§ **Your task**
Look for the line containing "我爱学 一课三练 五年级下" and the line containing "se trata de" in the entries below. Copy those two and all lines between them exactly, leaving out pictures.

Data for the task Start Marker

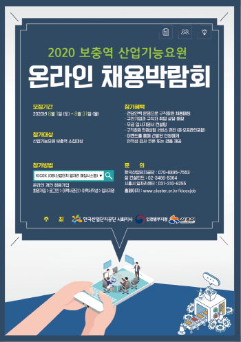 매년 오프라인으로 실시하던 채용박람회를 올해는 코로나19 지역감염 확산 예방을 위해 온라인으로 진행하게 되었으며, 산업단지 일자리 매칭시스템(KICOX JOB)를 통해 참여할 수 있다.
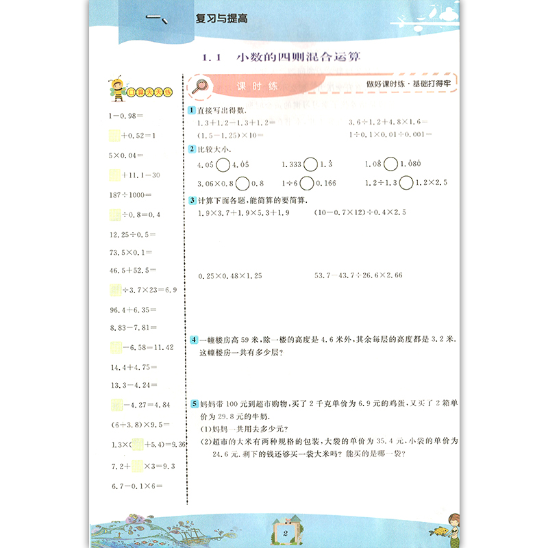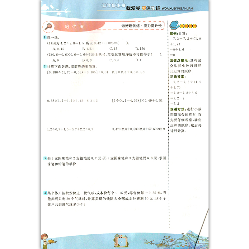 我爱学 一课三练 五年级下 数学 5年级下册第二学期 1课3练与上海市新教材同步配套上海地区专用上海小学教辅课后练习 小学生练习
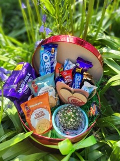 Hat box with sweets and plant, perfect hift for a boy or a teenager for same day delivery in Croydon. Boys Tuck Shop £35.00
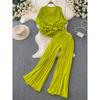 V Neck Jumpsuits for Women Long Puff Sleeve Belt Design Loose Wide Legs Pleated Pants Streetwear Fashion OL Bodysuits
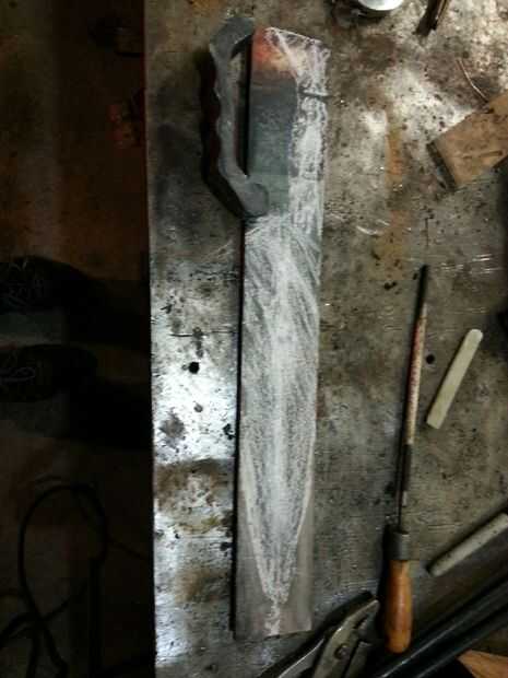 se trata de cómo hice mi encargo cuchillo de BowiePaso 1: diseño Lo primero que hay que hacer cuando lo que un cuchillo es siempre llegar a un bosquejo áspero de lo que quieres que se vea comoPaso 2: El espacio en blanco Cortar el espacio en blanco p
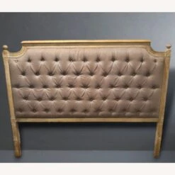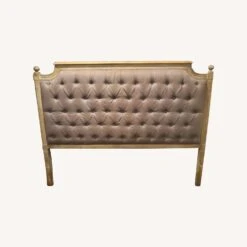 Seller’s Notes: Zentique Louis Button Tufted Limed Grey Fabric Wood Headboard Queen Bed No Frame.
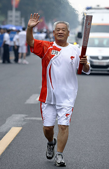 8月6日至8日,北京奧運火炬在京傳遞。火炬手穆祥雄在進行火炬傳遞。
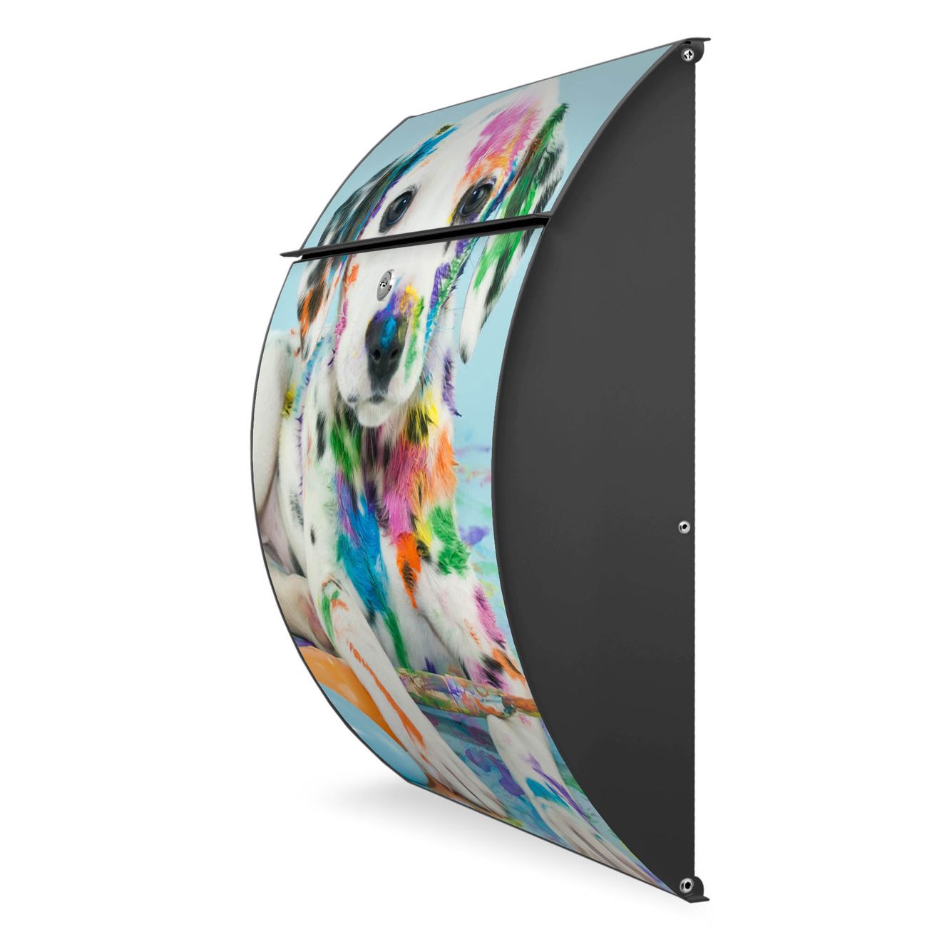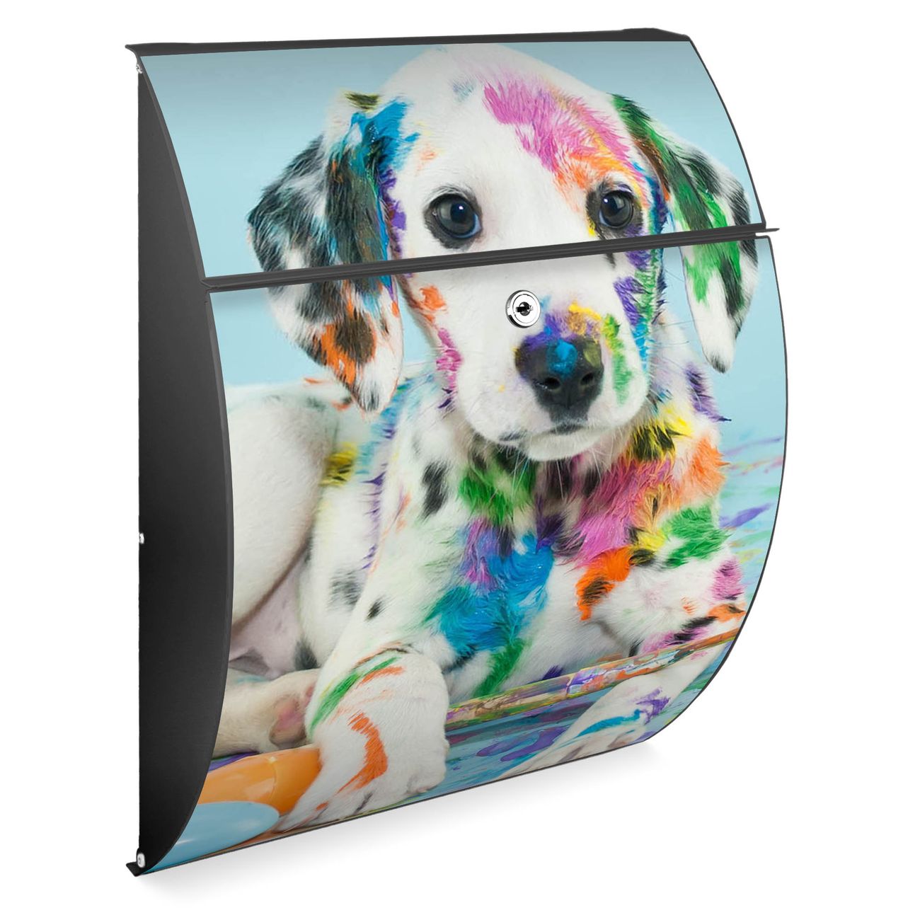 Der Burg Wächter Design Briefkasten mit Motiv Bunter Dalmatiner bietet Ihnen mit seinem Fassungsvermögen genügend Platz auch für große A4 Sendungen. Auf Wunsch können Sie bei uns den passenden Ständer kaufen und so aus dem Wandbriefkasten einen Standbriefkasten machen.

Data for the task End Marker

§ **Answer box**
 我爱学 一课三练 五年级下 数学 5年级下册第二学期 1课3练与上海市新教材同步配套上海地区专用上海小学教辅课后练习 小学生练习
 Hat box with sweets and plant, perfect hift for a boy or a teenager for same day delivery in Croydon. Boys Tuck Shop £35.00
 V Neck Jumpsuits for Women Long Puff Sleeve Belt Design Loose Wide Legs Pleated Pants Streetwear Fashion OL Bodysuits
 se trata de cómo hice mi encargo cuchillo de BowiePaso 1: diseño Lo primero que hay que hacer cuando lo que un cuchillo es siempre llegar a un bosquejo áspero de lo que quieres que se vea comoPaso 2: El espacio en blanco Cortar el espacio en blanco p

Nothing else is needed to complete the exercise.